But those tragedies also showed the good side of Aspen. The community came together, with much thanks to the Aspen Hope Center, to tackle the county’s suicide issue rather than give a collective shrug of the shoulders. Clapper’s memorial service was held on a splendid Aspen fall day, and the local crowd was there in full force to pay tribute. Langley’s classmates and other community members held numerous benefits for the daughter of Darnell and Bob Langley. Asher led a fun-filled life and kept a brave face to the bitter end; if anything, she made us come to appreciate the moment we’re living in, as cliche as it sounds.

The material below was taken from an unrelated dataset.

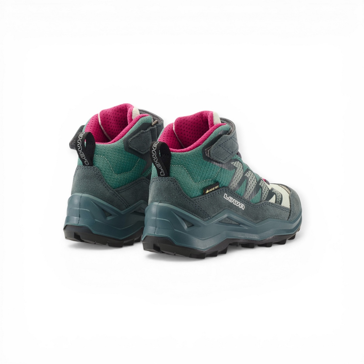 Lowa buty trekkingowe Maddox Pro Mid GTX na rzep Junior (tekstylia/skóra zamszowa, zapięcie na rzep, wodoodporne) petrol/różowy dziecięce

The Aspen community also showed it still has some fight in it — residents signed a petition that forced the City Council to rescind a lodging-incentive ordinance that would have resulted in less affordable housing and bigger hotels. There were howls of protest of the Aspen Art Museum’s display of tortoises wearing iPads attached to their shells. And the chorus of dissent was loudly evident when a private wedding was held on the backside of Aspen Mountain in June — only because the area was zoned rural and remote by Pitkin County, a zoning rule that was meant to limit activity in the pristine area.
Indeed, 2014 was quite the news year in Aspen. It started with a plane crash on the fifth day of the year, and didn’t really let up.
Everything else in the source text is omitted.